Чужак тем временем приближался, и шел он прямиком к куче старосты. Кто бы это мог быть? Слобо готов был побиться об заклад, что никогда не видал этого человека, и был ему тот весьма подозрителен. Что он тут забыл? Чего ходит? Время вон какое неспокойное, а он тут шляется. То ли воров и мангупов[36] не боится, то ли сам вор и мангуп. Что ему нужно?
– Ну что, еще по одной и за работу?
Кузнец был мужик справный, он всегда понимал сказанное, и не сказанное тоже понимал без лишних вопросов. И что ему придется теперь по ночам ковать оружие, а по утрам прятать его от турок. И что отвечать головой и всей породицей[37] своей, если нагрянут да найдут. За эти сабли для гайдуков была ему верная смерть. Но и другим селянам тоже достанется в случае чего.
– Живели![38] – ответил Слобо с выражением лица, как будто говорящим «хуже все равно уже не будет», при этом другая половина его лица как бы не соглашалась с этим, говоря «а с другого бока…».

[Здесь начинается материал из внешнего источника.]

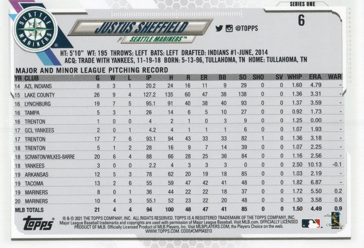 #6 Justus Sheffield Seattle Mariners 2021 Topps Series 1 Baseball Card
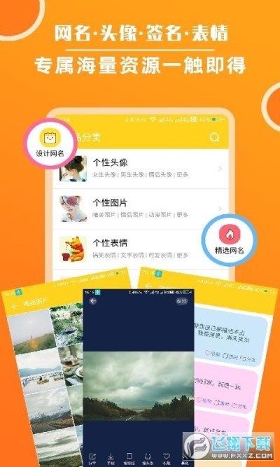 3、除了提供頭像資源外,還可以找到網絡名稱、簽名、圖片集等;

Чоканчичи звякнули, встретившись, перепеченица обожгла горло. Кум опять довольно закрякал. Чужак свернул с дороги прямо в сторону их двора. Староста заметил, что брехающий обычно пес вдруг притих и залез в свою конуру. Вот ведь! Когда не надо, просто с цепи рвется – а тут чужие во дворе, а он отоспаться решил. Вот защитничек нашелся!
– Слобо, это, похоже, к тебе, – сказал кузнец, ухмыляясь.
Чужак подошел совсем близко, и староста мог теперь рассмотреть, что это за птица. Одет незнакомец был добротно, явно из города, но просто и как-то обыденно. Чистые шаровары, опанчичи[39], белая рубаха, прслук[40], новенькая шубара[41]. Пришел он с пустыми руками, вещей при нем, котомок каких-нибудь не было. Оружия не было тоже, один только кинжал за поясом – но это ж разве оружие! Без ножа тут не ходили не только мужики, но даже и бабы. Ну что же, и то хорошо.
Чужак снял шубару, вежливо кланяясь старосте. И тут яркое солнце осветило его голову. Слобо чуть не открыл рот. Он помнил сказки, что когда-то давно, очень давно, еще во времена Неманичей, которых уже никто и не помнил, так давно это было, здесь жило много людей с волосами цвета соломы, высохшей на солнце к концу лета. Но те времена прошли, а то и вовсе не было их, всё это досужие выдумки лентяев. А с другого бока, взять хотя бы сельскую красавицу Любицу, – мало что не очередь стояла из тех, кто не прочь был расплести ее косы оттенка прелого сена. Но тут не баба, а мужик, и не прелое сено, а кудри, золотящиеся, как мед багрема[42], только что выкачанный из сот. Как склоны Цер планины, поросшие белым дубом, который так и называли – цер – по осени, когда косые лучи солнца подсвечивали верхушки деревьев оттенком червонного золота. Как та сливовица, которую они пили, если посмотреть чоканчич на просвет.
С такими волосами нельзя было разгуливать среди людей, это было прямо-таки неприлично. Слобо закрыл глаза. Все это было не к добру. Теперь он точно знал, что за чувство неотлучно следовало за этим чужаком, пока он шел по дороге. Тревога. И была она даже посильнее, чем беспокойство из-за турок, чифтликов, кабадахий, восстаний всяких да скорой пахоты. Не к добру всё это было.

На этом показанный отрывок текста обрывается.